- Data for review
··········
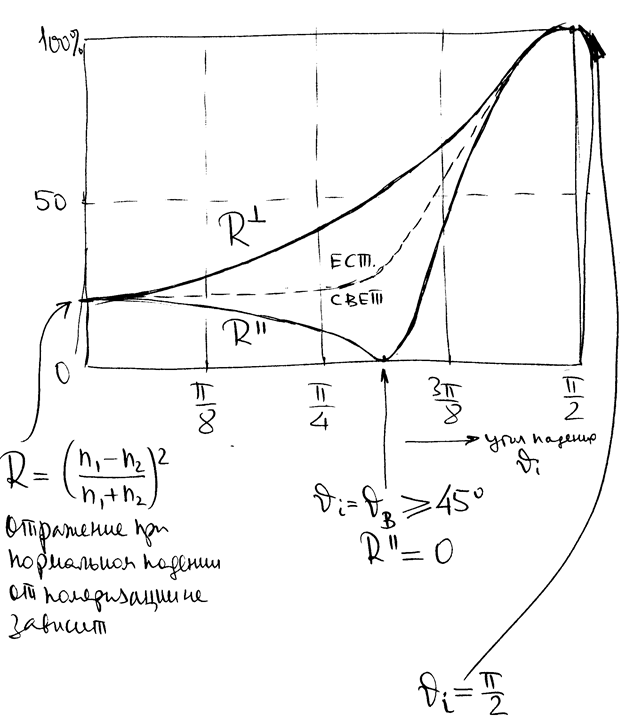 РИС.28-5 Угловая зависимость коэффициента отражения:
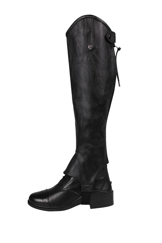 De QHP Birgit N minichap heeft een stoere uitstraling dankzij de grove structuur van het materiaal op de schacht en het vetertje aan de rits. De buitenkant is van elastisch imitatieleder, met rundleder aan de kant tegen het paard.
··········
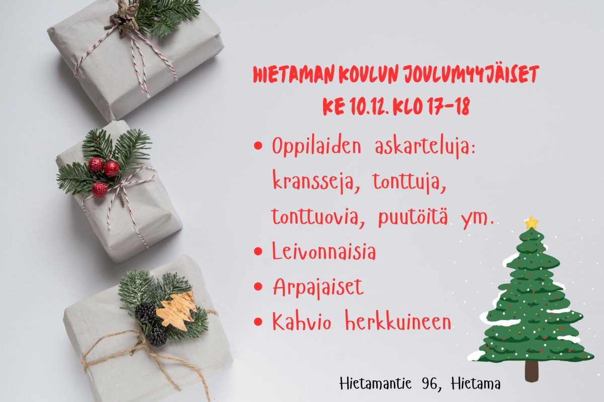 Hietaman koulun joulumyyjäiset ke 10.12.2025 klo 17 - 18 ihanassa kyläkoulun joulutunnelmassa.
··········
- About this task
Lines from the one above containing "РИС.28-5 Угловая зависимость" down to the one containing "De QHP Birgit" should be transcribed exactly, with both ends kept and no pictures.

- Output of the task
 РИС.28-5 Угловая зависимость коэффициента отражения:
 De QHP Birgit N minichap heeft een stoere uitstraling dankzij de grove structuur van het materiaal op de schacht en het vetertje aan de rits. De buitenkant is van elastisch imitatieleder, met rundleder aan de kant tegen het paard.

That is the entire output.